I do not have the same concerns as those expressed by the previous speakers. Let us face it, consumerism is not
everything. We need to have full lives; we need to have time with our families and friends and to enjoy sport.
We do not have to shop all the time. The whole point to these shopping hours is that they are not compulsory,
but simply available to consumers who choose to take them up. We know that because of extended trading
hours, part-time jobs in the retail sector are likely to increase because of the deregulation of trading hours. Parttime
jobs are about flexibility in life. People can more flexibly organise which hours they will work if they have
a broader choice in hours. This will immediately benefit students or those people with other daytime pursuits or
hobbies because they will be able to work extra hours on the weekend to bump up their incomes. Therefore, this
is about diversity. This is about catering for the diversity in our society that comes with a larger population and
about having the opportunity to fill the fridge with food and—in my case, having recently moved into a new
place and not having had time—to buy furniture. It is about providing flexibility for people to clothe and feed
themselves and to get the basic necessities of life. I do not believe that by extending trading hours we will feed
the machine known as rampant consumerism. I hope that people will see shopping during extended trading hours
as an option and not as the only thing they can do in life.
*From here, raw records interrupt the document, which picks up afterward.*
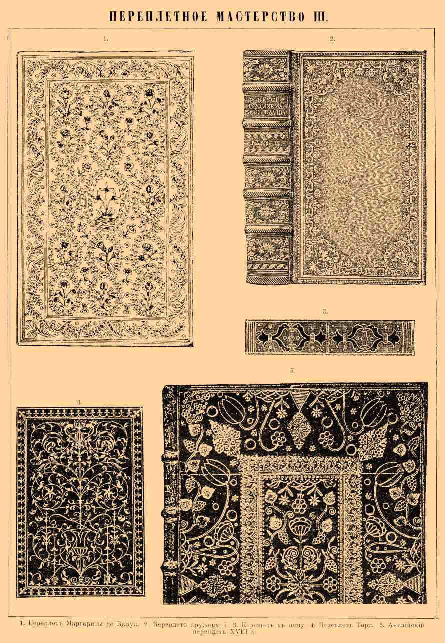 1. Переплет Маргариты де Валуа. 2. Переплет кружевной. 3. Корешок к нему. 4. Переплет Тори. 5. Английский переплет XVIII в.
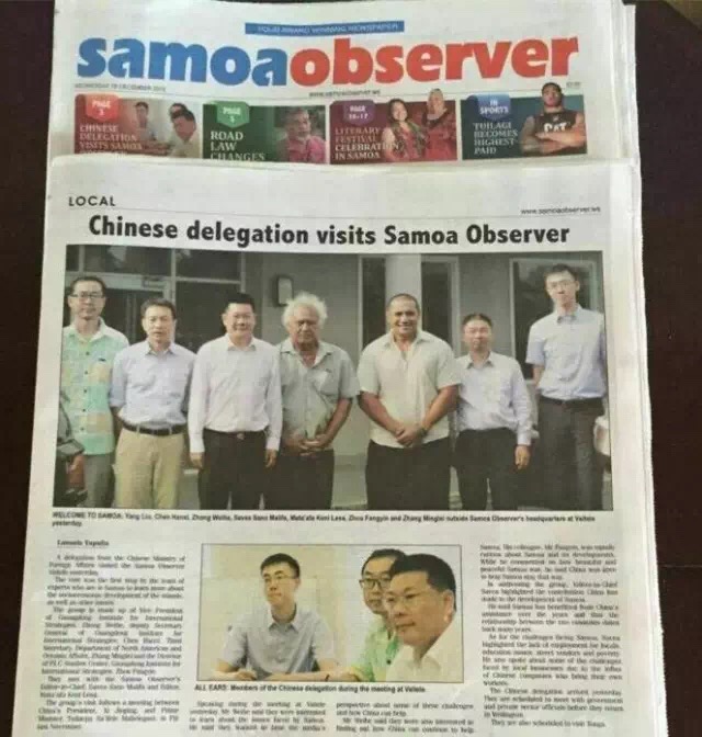 12月8日,代表团抵达南太岛国调研第一站萨摩亚,访问当地主要媒体《萨摩亚观察家日报》(Samoa Observer),与主编Savea Sano Malifa和副主编Mata`afa Keni Lesa座谈交流。
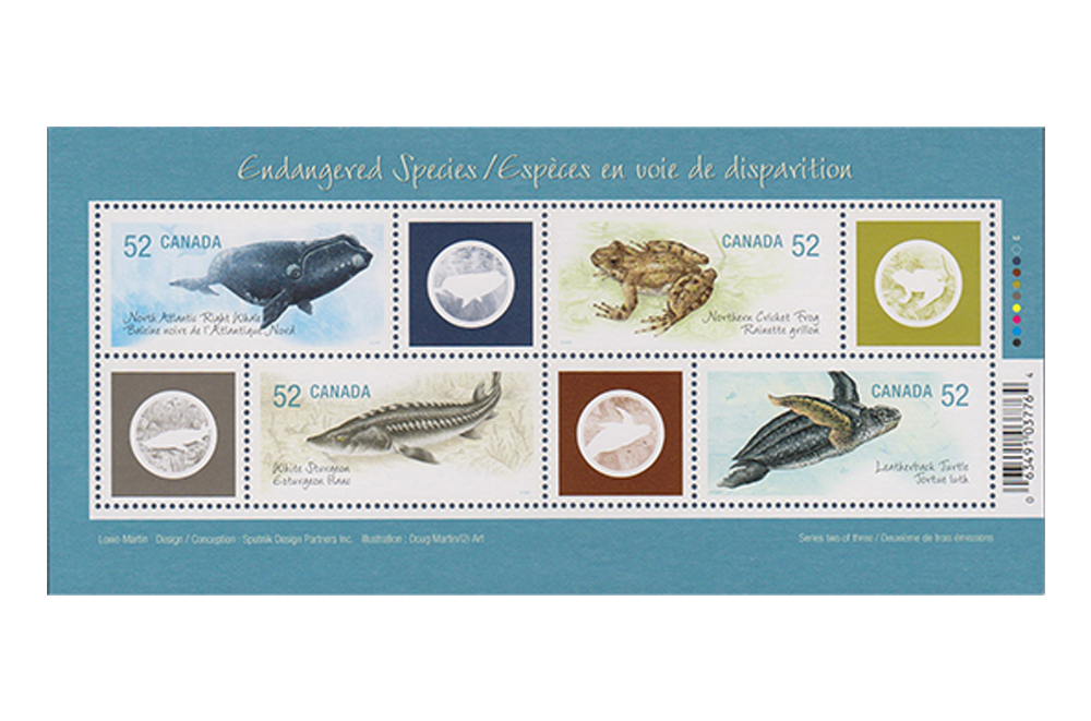 North Atlantic Right Whale, Northern Cricket Frog, White Sturgeon and Leatherback Turtle
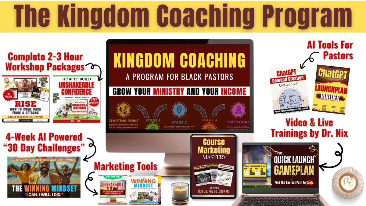 By using the done-for-you coaching workshops and programs we provide (plus the ones we help you create), you can reach more people, attract serious church members, and create a stable income stream—without sacrificing your calling but rather expanding your territory to reach more people outside the 4 walls.
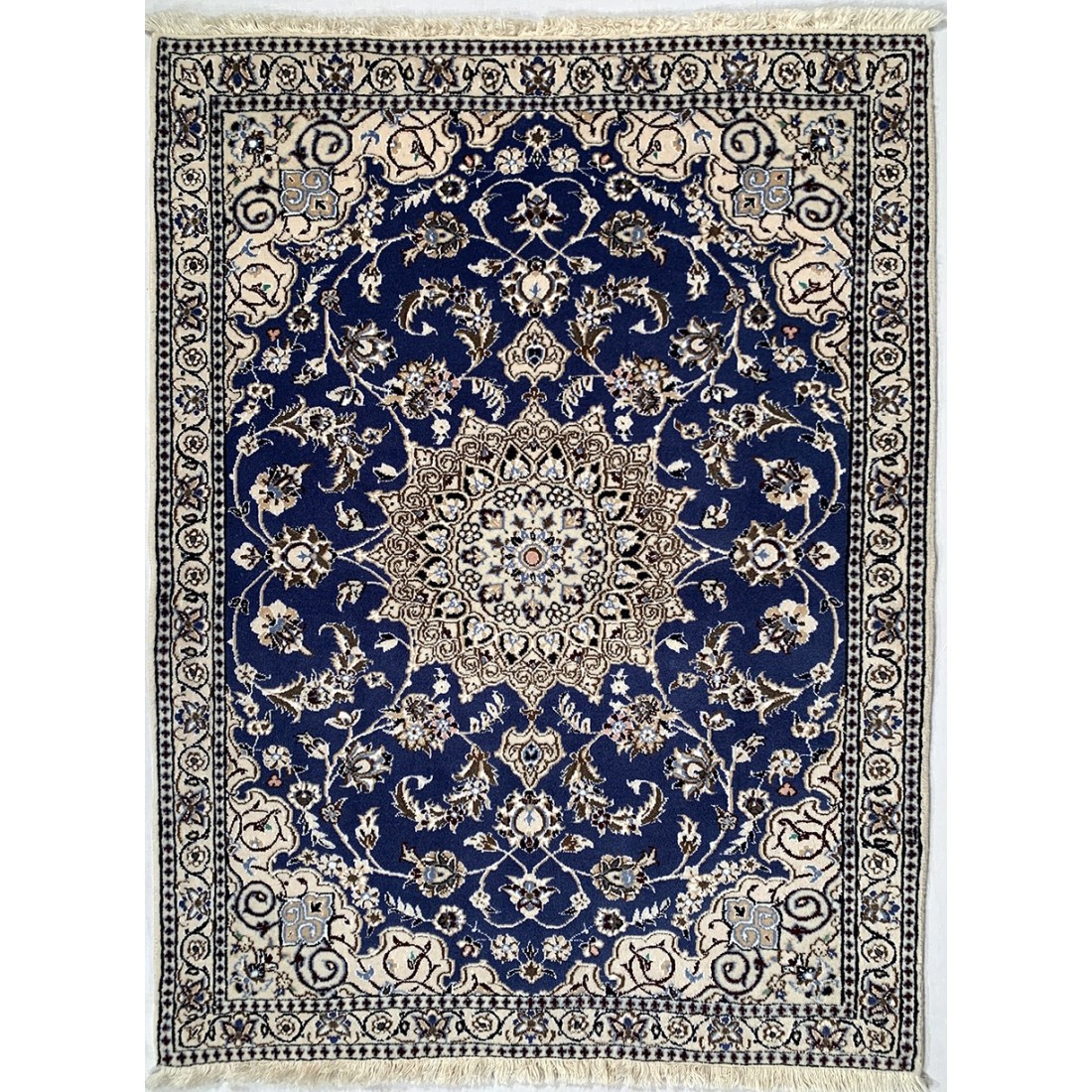 Tappeto persiano Nain annodato a mano misura 93x124 colore fondo blu chiaro con cornice bianca

The amended legislation will permit retailers to open for longer hours; however, opening will not be compulsory.
The extension to shopping hours will benefit working families. We acknowledge the benefits to those who
happen to be in a partnership in which both partners are employed. Extended shopping hours are a huge benefit
to them. The Greens (WA), reflective of the community, have diverse views on deregulation and its potential
impacts. We have quite a bit of research that I will probably refer to in my speech in response to the next bill to
come before us. My support for these bills takes a principled approach based on grassroots decision making
through the support of the locally elected council and what it has asked for, and on a sustainable planning policy
that has identified activity nodes where commercial activity is concentrated in specific locations. I support the
bills.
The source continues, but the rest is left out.